2. 「世帯年収700万円台」の平均貯蓄額はいくら?
総務省統計局「家計調査報告 貯蓄・負債編 二人以上の世帯 詳細結果 年次2024年」によると、二人以上・勤労世帯の平均貯蓄額は、年収700〜750万円の世帯で「1224万円」、年収750〜800万円の世帯で「1439万円」となりました。
年収700万円台の世帯では、「世帯主の配偶者のうち女性の有業率」が6割を超えており、共働き世帯が多い傾向にあることがうかがえます。
また、この有業率は年収が上がるほど高くなる傾向があり、前述したように世帯年収の高さには共働きの有無が大きく関係していると考えられます。
次章では、総務省統計局の調査結果をもとに、年収700万円台世帯の貯蓄額やその内訳について見ていきます。
2.1 世帯年収700万円台の「貯蓄額とその内訳」は?
総務省統計局「家計調査報告 貯蓄・負債編 二人以上の世帯 詳細結果 年次2024年」によると、世帯年収700万円台の貯蓄額とその内訳は下記のとおりです。
貯蓄の内訳をみると、預貯金が大半を占めており、投資に充てられている割合は比較的低い状況です。
これは、年収700万円台の世帯の8割以上が持ち家を所有しているため、住宅ローン返済に備えて預貯金を積み立てていることが背景にあると考えられます。
また、投資のリスクを避け、確実に資産を増やしたいという意識を持つ世帯も多いのかもしれません。
次章では、世帯年収700万円台の「負債額」と「純資産額」についても確認しておきましょう。
2.2 世帯年収700万円台の「負債額・純資産額」はいくら?
前章で紹介した貯蓄額は、あくまで「総額」であり、純粋に使える資金ではありません。
純貯蓄額とは、老後資金や教育費などに充てられる実質的な貯蓄のことで、総貯蓄額から住宅ローンや土地の負債額を差し引いた金額を指します。

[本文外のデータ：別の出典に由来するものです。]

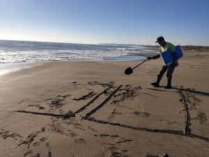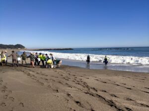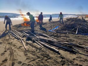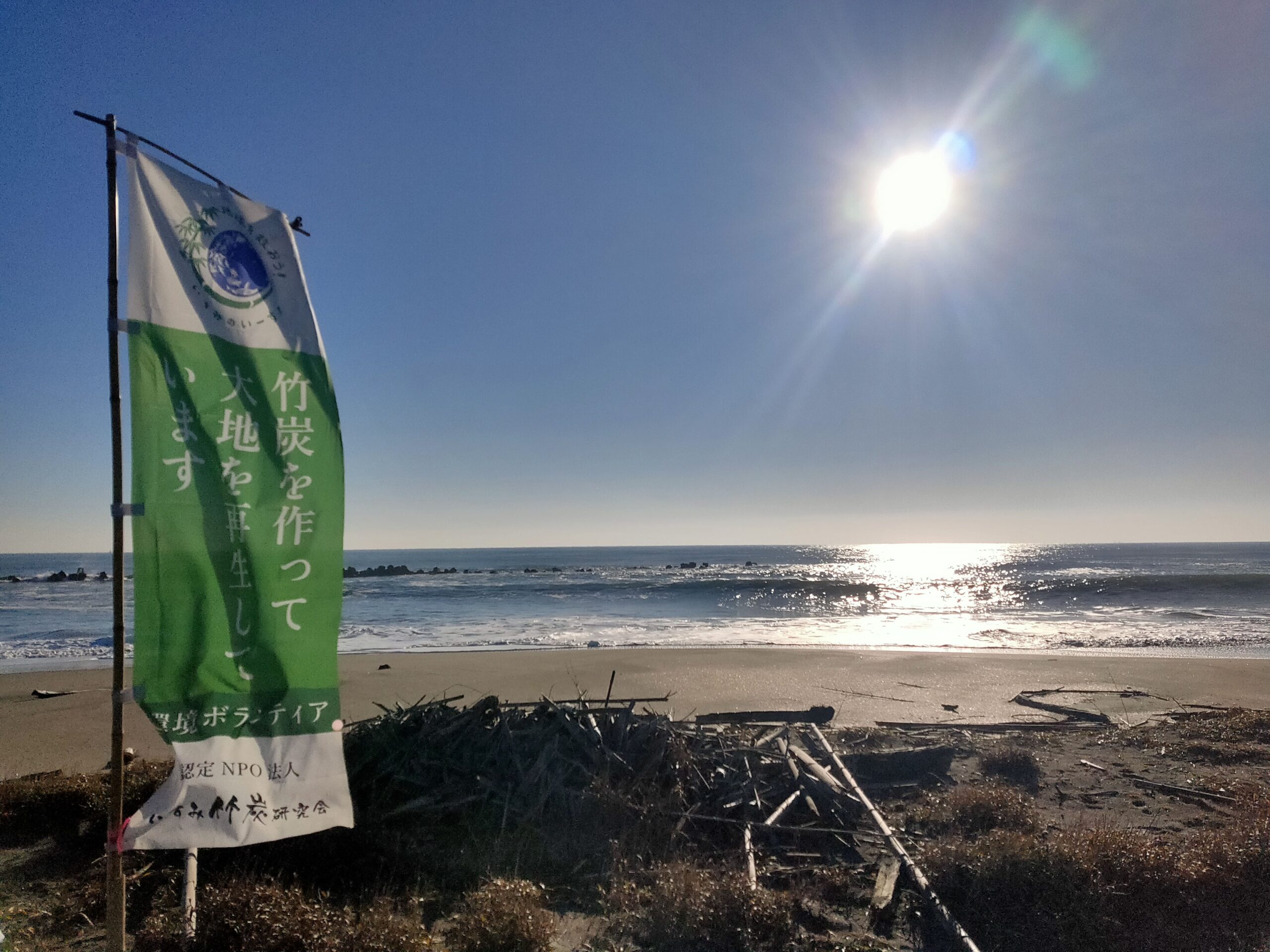 今年ラストの海岸活動は、きらめく晴天の外海(ソトウミ)で、サーファーさんが集めてくださった流竹を竹炭へと変えていきました。

総務省統計局のデータによると、年収700万円台の二人以上勤労世帯の「平均負債額」および「純貯蓄額」は以下のとおりです。
平均貯蓄額が1000万円を超えているため、「老後資金や教育費を十分に準備できている」と感じられますが、実際には負債額もほぼ同額の1000万円近くに達しており、純粋な貯蓄額は200万円程度にとどまっています。
近年の低金利環境では、預貯金だけでは十分な資産形成が難しいのが現実です。
長期的な資産形成を目指すうえで、投資信託や株式などを活用した分散投資の検討が重要になってくるでしょう。
3. 資産運用を活用して「老後資金や教育費」の準備を進めよう
本記事では、子育て世帯における平均年収や貯蓄額の実態について紹介していきました。
世帯年収700万円台の世帯は、貯蓄が十分にあるように見えますが、実際には負債も多く、純貯蓄額は平均で約200万円にとどまっています。
老後資金や教育費の準備は、早めに始めるほど有利です。
焦って準備を始めるよりも、若いうちから住宅ローンの返済と並行して計画的に資産形成を進めることで、より効率的に資産を増やすことが可能です。
貯蓄の内訳や収入に対する貯蓄率を見直しつつ、資産運用を上手に取り入れて賢く資産を築いていきましょう。